Ralph Waldo Emerson's journal contains this intriguing entry for March 29, 1832: "I visited Ellen's tomb and opened the coffin."
Emerson was in his late 20s at the time, a Boston minister still reeling from the loss of his young wife, who had died of tuberculosis 14 months earlier. Biographer Robert D. Richardson Jr. contends that by literally confronting death (ghoulish as it seems), Emerson was able to pull out of his funk and get back to the business of becoming a great American philosopher.
It is inherently unfair to pass judgment on another's grief. Yet I must confess that, just as Emerson's behavior raised my eyebrows, so, too, of late has Fred Goldman's. Where once I saw a man struggling rather nobly with tragedy, I now see someone trapped on the merry-go-round of notoriety. Three years after the double murder of the century, a part of me is weary of the Ron Goldman lapel button, of the habitual references to "the killer," of the righteous indignation. More to the point, a part of me is wary of Fred Goldman--a client of a large Los Angeles public-relations firm and a paid ($100,000 a year) spokesman for the Safe Streets Coalition, a victims' rights group--turning a private ordeal into public policy. Goldman now promotes the abolition of unanimous-jury verdicts, the adoption of "judicial report cards," and an end to the lifetime appointment of federal judges. "Being active is a way to focus some of that frustration, anger, etc., into something positive," says Goldman.

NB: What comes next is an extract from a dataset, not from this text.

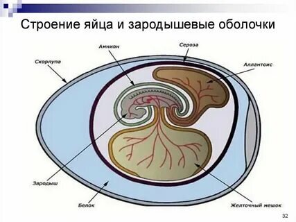 Желточный мешок связан с телом эмбриона желточным протоком, стенки которого образуют желточный стебелёк (желточную ножку), соединённым со средней частью кишечника (средней кишкой). В этом месте наполненная желтком полость желточного мешка сообщается с полостью кишок. По желточной ножке проходят желточные артерии и вены. Основная функция желточного мешка — абсорбция питательных веществ из желтка и перенос их к эмбриону. Это возможно благодаря тому, что внутренняя поверхность желточного мешка имеет складчатую структуру и выстлана железистым эпителием. Наружная его часть покрыта хорошо развитой сетью кровеносных сосудов, связанных с кровеносной системой эмбриона. Закончив рост по поверхности, желточный мешок продолжает расти и в глубь желтка, образуя ворсинчатые складки, что увеличивает его всасывающую поверхность. Максимальной массы желточный мешок достигает на 15-17-е сутки инкубации. Позднее его масса уменьшается. На ранних стадиях инкубации до 5-х суток и, частично, до 10-х желточный мешок выполняет также дыхательную функцию. В конце инкубации перед вылуплением цыплёнка желточный мешок вместе с желтком втягивается в брюшную полость и резорбируется (рассасывается) уже после вывода. Амнион — тонкий прозрачный пузырь, в котором лежит зародыш. Развивается он, как и другая оболочка — сероза, из верхних слоёв бластодермы. Как только сформировались мозговые пузыри и складка, отделяющая головной конец эмбриона от желтка, голова из-за большой массы начинает погружаться в желток. Она, как колпачком, закрывается складкой, растущей с бластодермы. Позднее, при погружении в желток и туловища, такие же складки охватывают эмбрион с боков и с хвостовой стороны. На 4-е сутки инкубации стороны складки срастаются над зародышем, одевая его двойным футляром. Из внутренней поверхности складки образуется амнион, из наружной — сероза. Только один небольшой участок складки остаётся несросшимся, он соединяет полость амниона с пространством, заполненным белком. Это сероамниотический проток, по которому в дальнейшем яичный белок будет проникать в амнион. Стенки амниона тонкие, прозрачные. В них нет сосудов, но есть мышечные волокна. Благодаря им амнион может пульсировать, сжимать и расширять свою полость. В начале инкубации амнион плотно облегает эмбрион. Потом, наполняясь жидкостью, он становится настолько просторным, что позволяет зародышу двигать ногами и головой. Во второй половине инкубации полость амниона становится более тесной. Амнион и амниотическая жидкость имеют большое значение в жизни эмбриона. Прежде всего, амниотическая жидкость — среда, окружающая зародыш. Эмбрион, состоящий в первые сутки из нежных, богатых водой тканей и, не имея ещё кожных покровов, погиб бы вне водной среды. В амниотической жидкости растворены минеральные соли, благодаря чему между ней и тканями зародыша создаётся нужное осмотическое давление. Амниотическая жидкость обладает и способностью убивать микроорганизмы. Амнион предохраняет зародыш от механических повреждений, которые были бы неизбежны из-за твёрдой скорлупы яйца. Благодаря пульсации амниона совершаются некоторые перемещения жидкости и зародыша. Во вторую половину инкубации вследствие давления, увеличивающего в теле зародыша и оболочках, белок через сероамниотический проток поступает
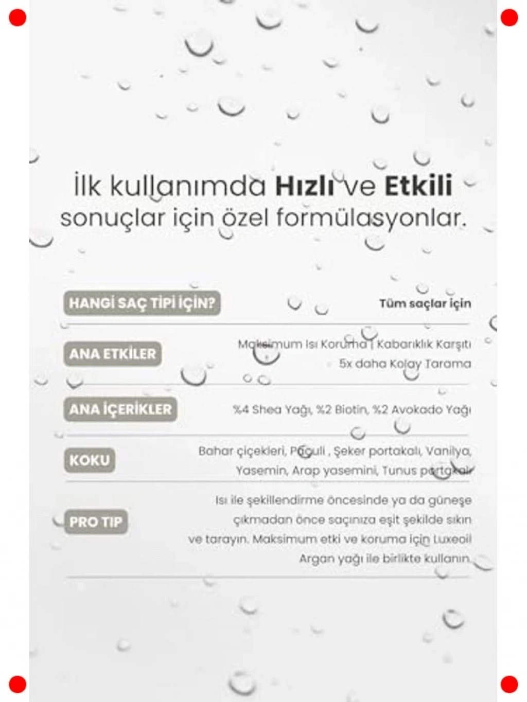 Güneşin, denizin ve havuzun yıpratıcı etkilerine maruz kalan saçlar için özel olarak geliştirilmiş bu onarıcı sprey, saçlarınıza anında bakım ve nem sağlar. Saç tellerini güçlendirerek kırılma ve yıpranmayı azaltmaya yardımcı olur. İçeriğindeki besleyici bileşenler sayesinde saçlarınıza parlaklık ve yumuşaklık kazandırır. Saçın kolay taranmasına yardımcı olurken, güneşin neden olduğu kuruluğu giderir. Her kullanımdan sonra saçlarınızın daha canlı, sağlıklı ve ipeksi bir hisse kavuşmasını destekler. Yaz aylarında saç bakım rutininizin vazgeçilmezidir.

Last February, Fred Goldman and his second wife, Patti, were in Washington for their 10th wedding anniversary. They spent the day first promoting the family's book, His Name Is Ron, in an appearance at the National Press Club, and then touring the Holocaust Museum. "There's something like an Old Testament prophet quality about [Fred]," says a court reporter who covered both Simpson trials.
Indeed, the Goldmans' rabbi told the Washington Post that Fred has become a "moral force" for justice. "God is working through him right now," says Rabbi Gary E. Johnson.
G od sometimes works in mysterious ways. So do the media. Thus the Goldmans and daughter Kim were back in Washington in April for the annual White House Correspondents' Dinner, a black-tie schmoozathon for journalists, politicians, and Hollywood stars. Vanity Fair writer Christopher Hitchens notes that "it seemed rather creepy" to see Fred Goldman in the Hilton hotel ballroom along with such mainstream trophy guests as Tom Selleck and Ellen DeGeneres. How do you make small talk about bloody gloves and size 12 Bruno Magli shoes?
The Goldmans were invited by People magazine, whose editors graciously passed along to White House aides the family's desire to meet President Clinton. During dinner, however, Fred decided to take matters into his own hands, and marched up to the head table.
The Secret Service intercepted him, but a backstage meeting was arranged. The Goldmans later complained about getting only five minutes alone with the Clintons.
The Goldmans didn't have tickets to Vanity Fair's heavily guarded post-dinner VIP party, but they gate-crashed without a problem. "They assumed they'd get in based on this macabre celebrity," says a journalist who was there. "And they were right."
Considering all the misery the Goldmans have been through, one can't begrudge them a night on the town and a little stargazing. What is cause for some concern, though, is the peculiar public pedestal upon which they've been placed, especially since Fred now is venturing into the arena of criminal-justice reform. Goldman's voice is part of a rising chorus of high-profile victims' rights advocates. The assemblage includes Marc Klaas, whose daughter Polly was kidnapped and murdered; John Walsh, of America's Most Wanted fame, the father of another kidnap victim; and New York Rep. Carolyn McCarthy, who launched a political career after her husband was killed by a crazed gunman on a Long Island commuter train. Those voices deserve to be heard, but the risk is that the national crime debate will be shrouded in the emotional fog they produce.
If there is life after death, Fred Goldman will probably chase O.J. Simpson through the tunnels of time. Perhaps rightfully so. "Forgiving the person who murdered my son is not something I'm able to do," he said shortly before the civil trial commenced. "I think there's something between vengeance and forgiveness."
There is. It's called peace of mind. I hope Fred Goldman finds it. But he's looking in the wrong places.